Activation functions: the generator uses Tanh between the transpose convolution and the final generated image, while the discriminator a) uses LeakyReLU and b) places the activation function after the convolution. I haven’t visualized the effect of these activation functions (since doing so would require an input to be run through the network, and the result would depend on said input.) It’s quite possible the answer to this mystery lies here.
The discriminator is not actually trained in the same way as typical classifiers. Although the architecture is similar, the output of this discriminator is a single value (real or fake.) It’s possible random noise is perfectly sufficient for this task, whereas specialization only becomes necessary for classifiers that need to distinguish between multiple different classes of image.

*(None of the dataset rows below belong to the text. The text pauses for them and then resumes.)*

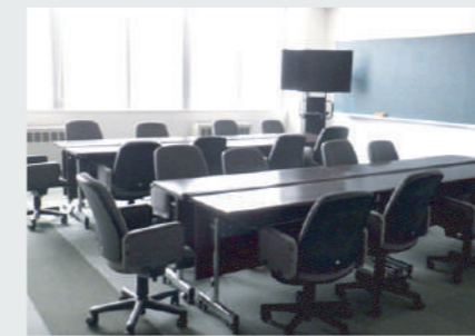
研修室(10室): プロジェクター・スクリーン無料貸出、冷暖房完備
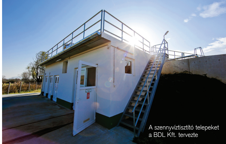
A szennyvíztisztító telepeket a BDL Kft. tervezte
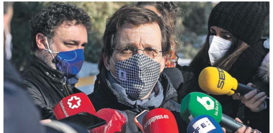
Almeida se ha convertido en uno de los políticos más relevantes del país. ENRIQUE CIDONCHA

Les pido a los jóvenes de Madrid que sigan manteniendo, como han hecho la inmensa mayoría, un ejemplar comportamiento, y que esa minoría no puede ni manchar su nombre ni seguir actuando como lo está haciendo, porque cuando a uno le toca asumir responsabilidades aunque sea prematuro, las asume. ●
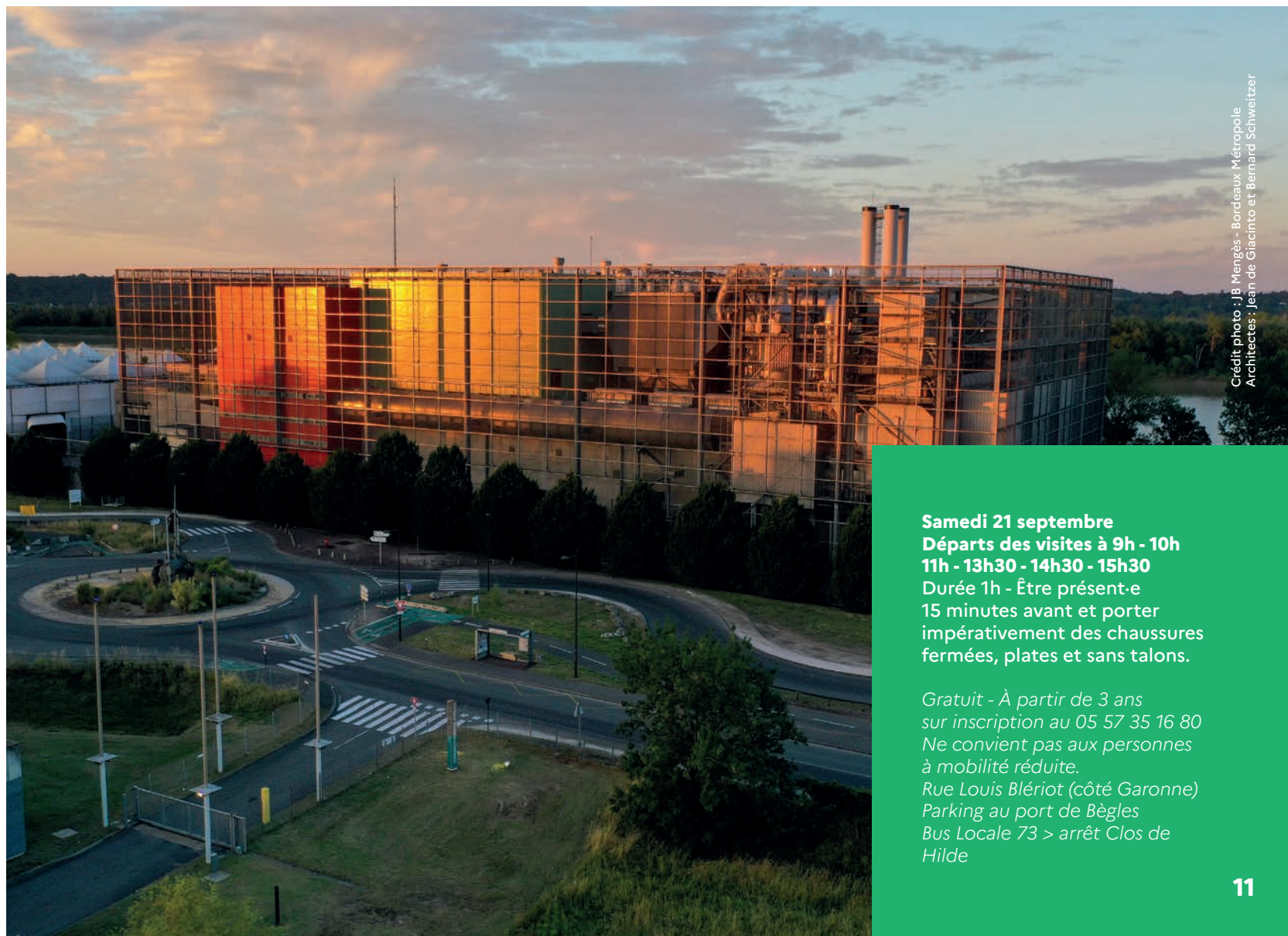
Crédit photo : JB Mengès - Bordeaux Métropole Architectes : Jean de Giacinto et Bernard Schweitzer

Samedi 21 septembre Départs des visites à 9h - 10h 11h - 13h30 - 14h30 - 15h30 Durée 1h - Être présent-e 15 minutes avant et porter impérativement des chaussures fermées, plates et sans talons.
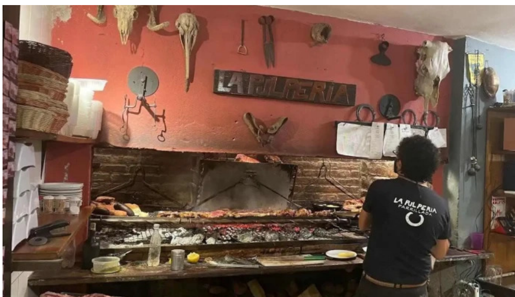
La pulperia ambiente

Testing this would be as simple* as changing datasets (e.g. to fashion-MNIST or CIFAR-10), and changing the discriminator to choose from 11 categories (the 10 from CIFAR-10, plus 1 extra denoting “fake”).

*No guarantees it will be this simple
The flow of gradients through the network for a GAN is asymmetric: the generator gets access to the entire state of the discriminator for backprop, while the discriminator only gets its own network’s response to stimulus to learn from. Why this mismatch would lead to such a difference in layer specialization is unknown, to me at least. Perhaps patterned specialization in the discriminator’s layer closest to the generator’s own layers would provide an easy attack vector for the generator to learn and defeat the discriminator?
Is the first layer actually random? The lack of human-identifiable structure in the kernels doesn’t strictly mean the discriminator isn’t specializing them. Freezing this layer and comparing performance to the original network could tell whether the discriminator is, in fact, getting value from this layer after all.